When we arrive at the endpoint of our periodontal treatment we cannot say to the patient that they never have to worry about having gum disease again, as is the case with the appendix removal. What we can tell the patient is that they have achieved disease remission. The patient should be informed that the only true cure for perio disease is full mouth extractions. Only then can we say to the patient, “You will definitely never again have gum disease, period. You are cured”. No appendix, no appendicitis. No teeth, no periodontitis. This is not to say that people with teeth won't be able to be cured, just not yet. What will a cure look like? It has to do with the tissue destructive immune-inflammatory response. There are local immunological triggers for different organ systems including the heart, kidneys, liver, periodontium and so on, in addition to the global immuno-inflammatory system. There are on and off triggers for each system. When we can modify the local perio triggers, such that the triggers for the periodontium are turned off, without shutting the whole system down, then we will have a cure. At that point, you can have biofilm coming out your ears without causing disease, because the tissue degrading immune response trigger has been turned off. At that point we can then say, "You never have to worry about getting gum disease again, period". That day is coming.

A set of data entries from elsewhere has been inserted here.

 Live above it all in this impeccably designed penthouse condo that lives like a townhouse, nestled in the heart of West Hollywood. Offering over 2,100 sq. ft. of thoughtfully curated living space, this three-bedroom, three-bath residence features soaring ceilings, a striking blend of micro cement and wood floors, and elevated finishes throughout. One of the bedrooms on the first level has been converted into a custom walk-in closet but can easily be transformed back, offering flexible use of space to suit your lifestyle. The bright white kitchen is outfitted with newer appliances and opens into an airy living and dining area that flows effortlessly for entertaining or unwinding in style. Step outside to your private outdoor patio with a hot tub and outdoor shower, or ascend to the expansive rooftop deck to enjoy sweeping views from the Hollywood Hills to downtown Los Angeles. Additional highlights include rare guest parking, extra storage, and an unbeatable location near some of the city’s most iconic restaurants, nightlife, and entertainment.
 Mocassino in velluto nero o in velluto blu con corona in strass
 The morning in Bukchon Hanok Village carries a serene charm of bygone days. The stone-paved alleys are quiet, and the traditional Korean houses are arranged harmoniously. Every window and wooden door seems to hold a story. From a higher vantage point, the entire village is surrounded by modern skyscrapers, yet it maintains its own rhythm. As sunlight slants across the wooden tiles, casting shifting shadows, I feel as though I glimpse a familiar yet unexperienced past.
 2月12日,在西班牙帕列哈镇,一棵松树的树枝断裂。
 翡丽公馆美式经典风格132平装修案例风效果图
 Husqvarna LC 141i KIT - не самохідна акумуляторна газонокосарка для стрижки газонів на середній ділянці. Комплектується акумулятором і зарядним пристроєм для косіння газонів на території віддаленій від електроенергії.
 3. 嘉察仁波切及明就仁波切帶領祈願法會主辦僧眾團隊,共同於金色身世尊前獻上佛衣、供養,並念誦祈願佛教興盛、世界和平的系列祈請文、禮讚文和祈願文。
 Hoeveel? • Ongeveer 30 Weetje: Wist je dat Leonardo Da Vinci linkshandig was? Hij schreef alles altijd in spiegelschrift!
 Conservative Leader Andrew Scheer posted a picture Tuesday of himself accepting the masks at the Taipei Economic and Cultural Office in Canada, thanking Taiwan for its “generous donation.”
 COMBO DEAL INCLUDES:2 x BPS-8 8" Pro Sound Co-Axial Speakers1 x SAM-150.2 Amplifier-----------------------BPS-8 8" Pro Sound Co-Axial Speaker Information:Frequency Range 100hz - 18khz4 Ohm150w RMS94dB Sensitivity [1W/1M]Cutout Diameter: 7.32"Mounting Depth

If my doctor cannot look me in the eye after treating me for something and say, “Now go home and relax. You are cured and you will never have this disease again”, then I am not cured. If he suggests recalls checking for signs of disease every three months, then I am not cured. I am being managed in and out of recurrent disease and what presently passes for health, because the root cause has not been fully addressed, just managed.

Since periodontal disease must be managed we must help our patients do so with frequent periodontal maintenance and monitoring of risk factors as well as the subjective and objective signs of disease. Until the day we can cure periodontal disease, careful disease management will allow us to identify recurrence and retreat immediately.